_TASK STATEMENT:_ An unchanged copy of every record below, without pictures, is the goal.

Items listed in a dataset:
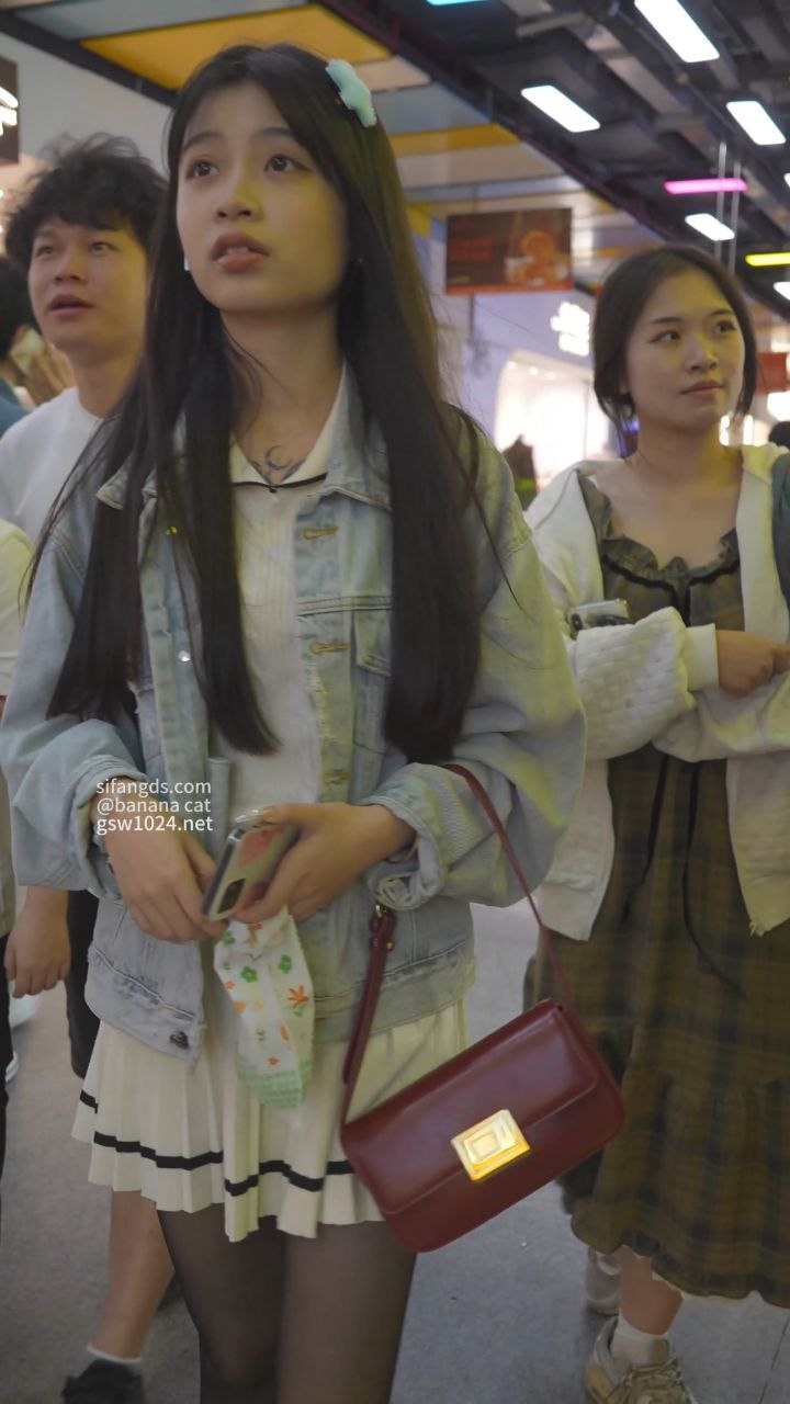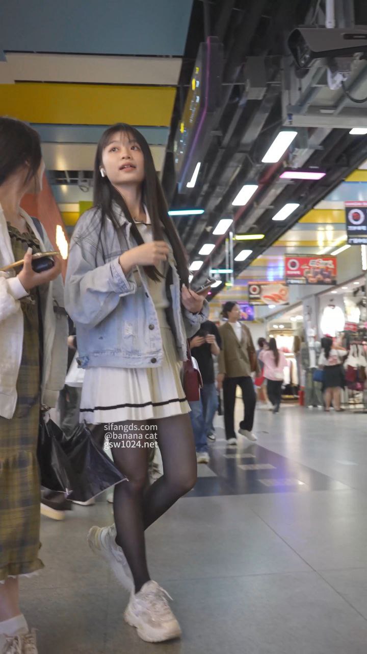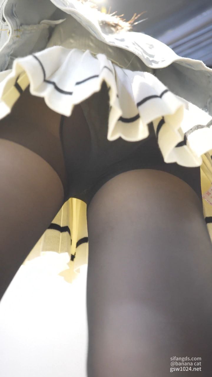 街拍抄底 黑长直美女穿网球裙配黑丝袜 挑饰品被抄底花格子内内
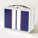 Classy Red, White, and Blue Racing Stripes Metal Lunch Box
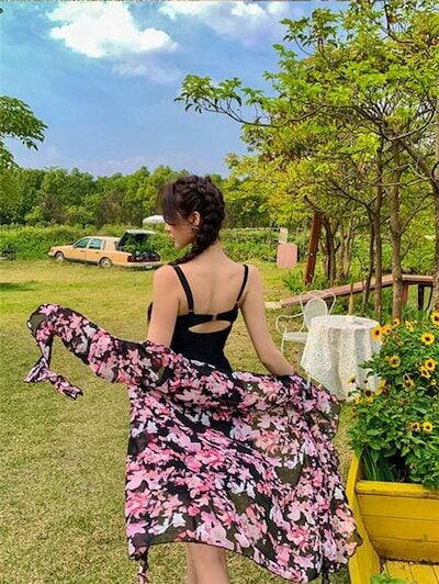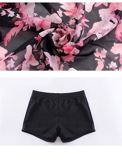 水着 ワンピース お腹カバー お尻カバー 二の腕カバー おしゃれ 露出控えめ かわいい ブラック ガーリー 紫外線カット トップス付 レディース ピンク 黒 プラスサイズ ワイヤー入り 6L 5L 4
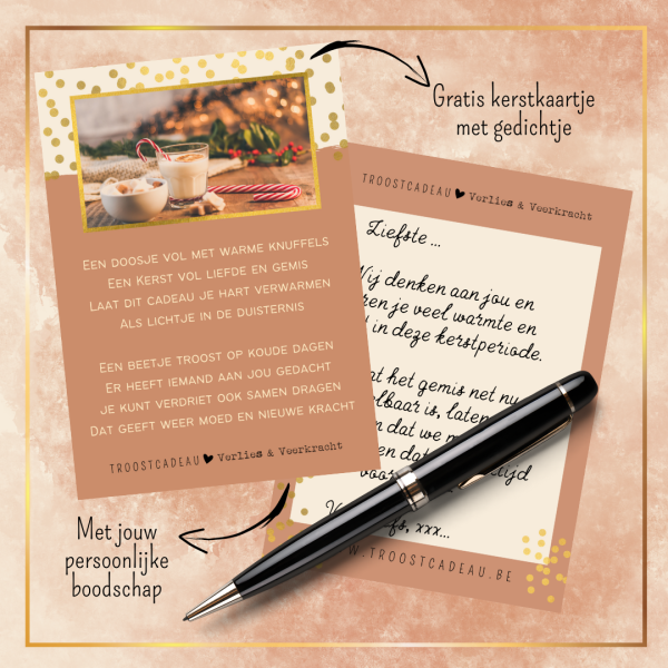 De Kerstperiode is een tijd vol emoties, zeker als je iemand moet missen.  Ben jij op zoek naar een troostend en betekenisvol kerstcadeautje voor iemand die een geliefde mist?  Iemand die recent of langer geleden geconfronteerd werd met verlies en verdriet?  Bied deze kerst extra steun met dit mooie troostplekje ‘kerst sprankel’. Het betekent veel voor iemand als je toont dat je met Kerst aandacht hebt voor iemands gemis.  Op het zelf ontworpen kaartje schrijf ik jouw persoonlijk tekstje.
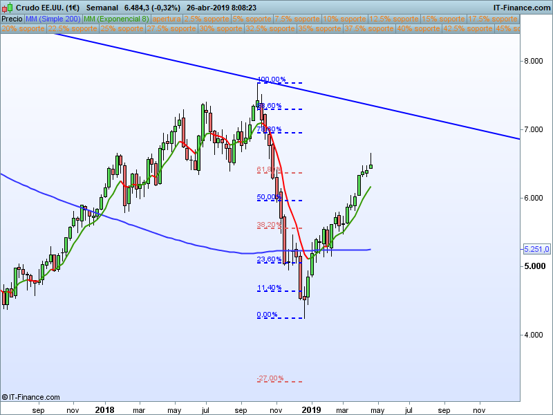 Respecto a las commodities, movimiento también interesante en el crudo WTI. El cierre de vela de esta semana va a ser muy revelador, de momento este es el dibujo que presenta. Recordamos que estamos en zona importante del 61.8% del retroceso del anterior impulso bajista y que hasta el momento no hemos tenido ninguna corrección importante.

_EXERCISE RESPONSE:_
 街拍抄底 黑长直美女穿网球裙配黑丝袜 挑饰品被抄底花格子内内
 Classy Red, White, and Blue Racing Stripes Metal Lunch Box
 水着 ワンピース お腹カバー お尻カバー 二の腕カバー おしゃれ 露出控えめ かわいい ブラック ガーリー 紫外線カット トップス付 レディース ピンク 黒 プラスサイズ ワイヤー入り 6L 5L 4
 De Kerstperiode is een tijd vol emoties, zeker als je iemand moet missen.  Ben jij op zoek naar een troostend en betekenisvol kerstcadeautje voor iemand die een geliefde mist?  Iemand die recent of langer geleden geconfronteerd werd met verlies en verdriet?  Bied deze kerst extra steun met dit mooie troostplekje ‘kerst sprankel’. Het betekent veel voor iemand als je toont dat je met Kerst aandacht hebt voor iemands gemis.  Op het zelf ontworpen kaartje schrijf ik jouw persoonlijk tekstje.
 Respecto a las commodities, movimiento también interesante en el crudo WTI. El cierre de vela de esta semana va a ser muy revelador, de momento este es el dibujo que presenta. Recordamos que estamos en zona importante del 61.8% del retroceso del anterior impulso bajista y que hasta el momento no hemos tenido ninguna corrección importante.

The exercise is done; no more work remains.